#### [SUPPLIED MATERIAL]
..........

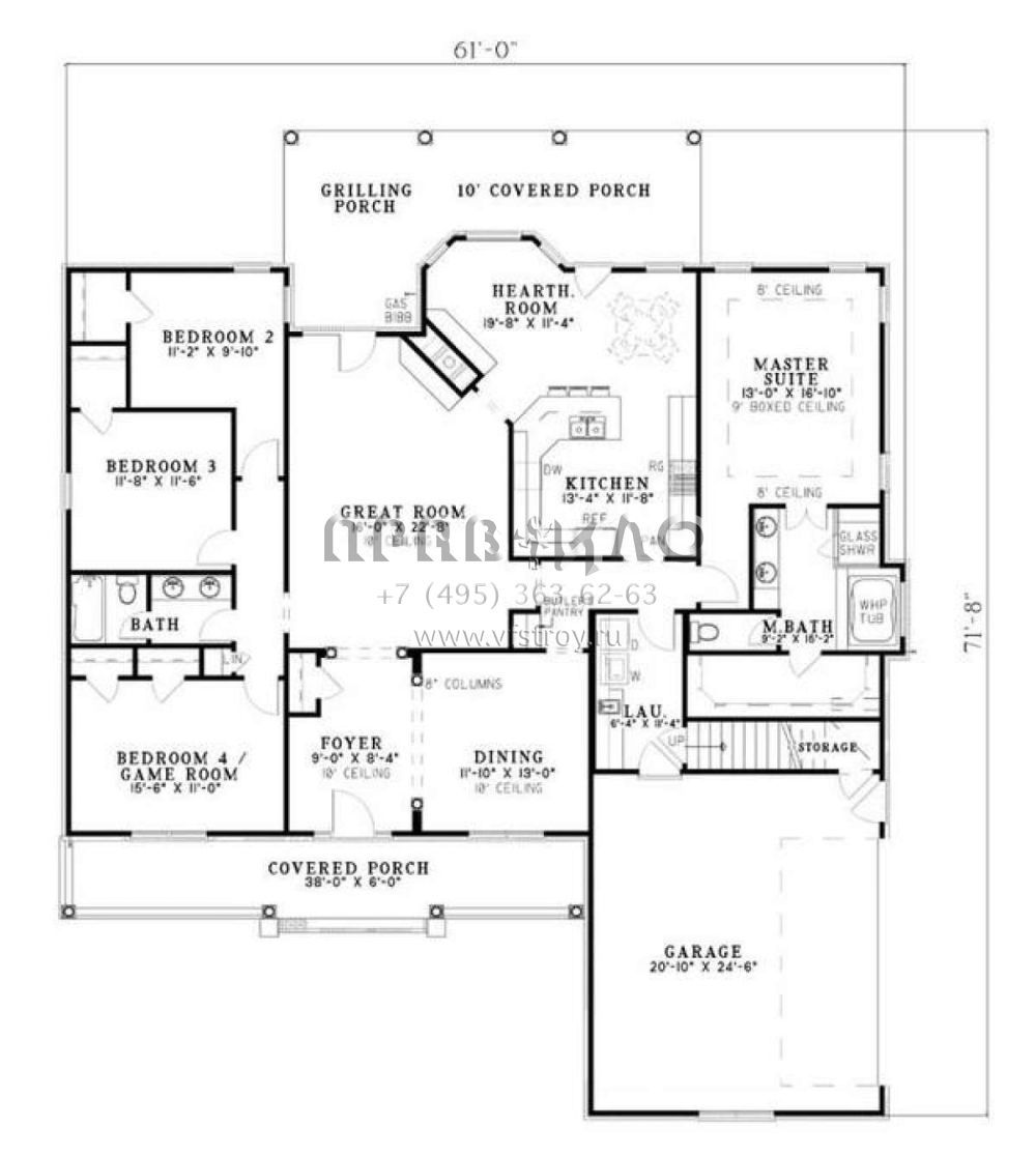 Поскольку этот проект разрабатывался иностранными архитекторами, для строительства дома требуется переработка проекта под действующие в России нормы. Данные визуализации проекта представлены для ознакомления с концепцией проекта. Проект разработан американским архитектурным бюро и представлен America's Best House Plans.
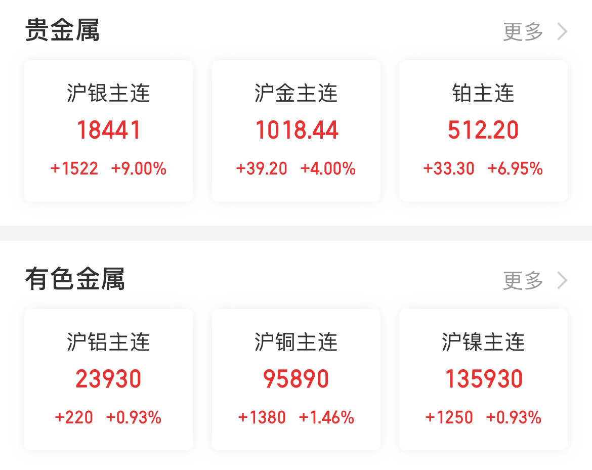【大河财立方消息】3月25日,国内商品期货涨跌不一。涨幅方面,沪银涨超9%,铂、钯涨超7%,碳酸锂涨超5%,沪金涨超4%,沪锡、多晶硅涨超3%,沪铜、国际铜、铝合金涨超1%,沪铝、沪镍涨近1%。
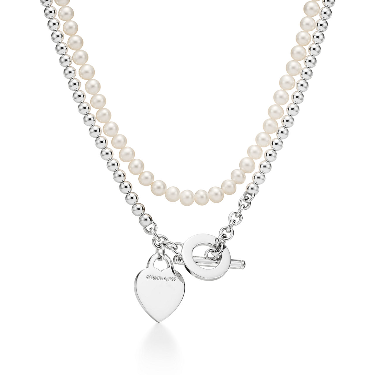 Inspired by a key ring we debuted in 1969, the return to tiffany collection is famous for its signature motif. This meticulously crafted wrap necklace features a striking combination of sterling silver beads and freshwater pearls. The iconic small heart tag is set with a round brilliant diamond. Wear this necklace on its own or style it among your favorites for an unexpected look.

..........

#### [WHAT YOU NEED TO DO]
Without including any pictures, reproduce the listing exactly.

#### [TASK SOLUTION]
 Поскольку этот проект разрабатывался иностранными архитекторами, для строительства дома требуется переработка проекта под действующие в России нормы. Данные визуализации проекта представлены для ознакомления с концепцией проекта. Проект разработан американским архитектурным бюро и представлен America's Best House Plans.
【大河财立方消息】3月25日,国内商品期货涨跌不一。涨幅方面,沪银涨超9%,铂、钯涨超7%,碳酸锂涨超5%,沪金涨超4%,沪锡、多晶硅涨超3%,沪铜、国际铜、铝合金涨超1%,沪铝、沪镍涨近1%。
 Inspired by a key ring we debuted in 1969, the return to tiffany collection is famous for its signature motif. This meticulously crafted wrap necklace features a striking combination of sterling silver beads and freshwater pearls. The iconic small heart tag is set with a round brilliant diamond. Wear this necklace on its own or style it among your favorites for an unexpected look.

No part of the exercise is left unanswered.